As shown in Fig. 1, the methods utilized for signal processing include digital lock-in amplification and intensity correction [23, 24], where the digital lock-in amplifier process is used to extract the desired harmonic signals, and intensity correction is used to obtain a signal which is not depending on the amount of light received by the detector.

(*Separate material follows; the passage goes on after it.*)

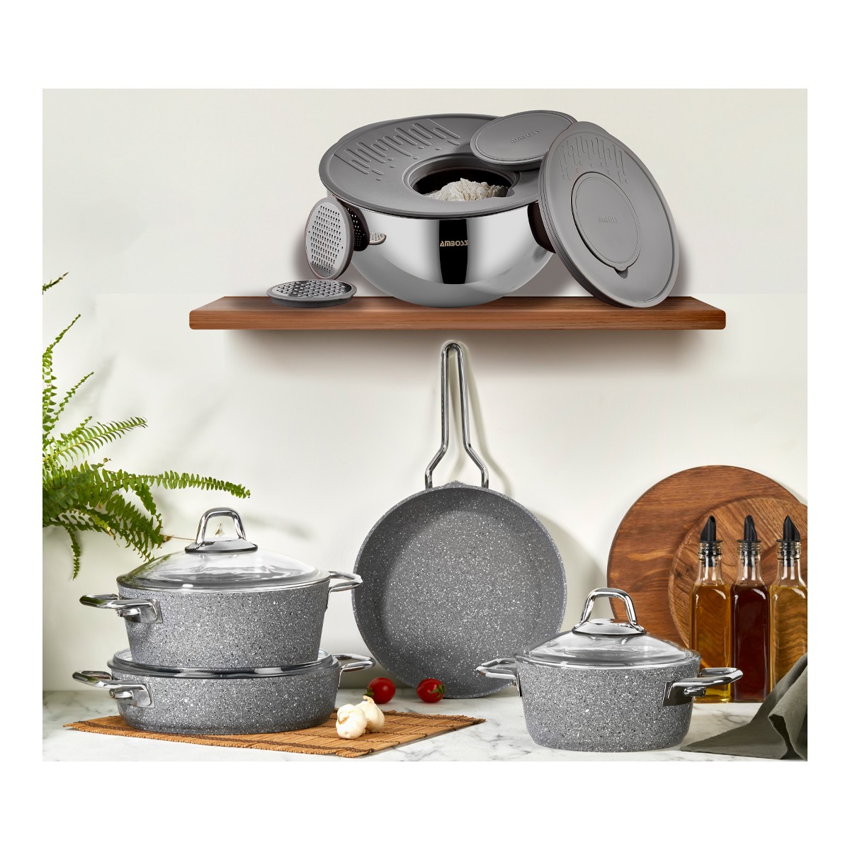Amboss 12 Parça Lusi Seti , mutfaklarınızda profesyonel bir deneyim yaşamanızı sağlayacak kapsamlı bir settir. Paslanmaz çelik ve granit malzemelerin bir araya gelmesiyle oluşan bu set,

The acquired raw data from the DAQ card can be recorded as $s (t) .$ Firstly, Fourier transformation is used to obtain the signal in the Fourier domain, i.e., $S (ω) = F (s (t)) .$ As displayed in Fig. 2(b), individual harmonics of the modulation frequencies appear in the Fourier spectrum. By performing band-pass filtering, the digital lock-in amplification action can be achieved to obtain a specific harmonic. Here, a super-Gaussian window centered at $ω_{m}$ with a width of $δ ω$ is used, and the corresponding signal $S_{n f} (ω)$ in the frequency domain is expressed by

S_{n f} (ω) = 2 \times S (ω) \times e x p (- {(\frac{ω - n \times ω_{m}}{δ ω})}^{8}),

where

ω_{m}

is the modulation frequency, and the factor 2 is used to compensate for the loss of the signal amplitude of the negative frequencies.

Fig. 2 (a) Raw data for molecular oxygen measured around 760 nm on a 1000 mm path through ambient air, and (b) its corresponding Fourier spectrum.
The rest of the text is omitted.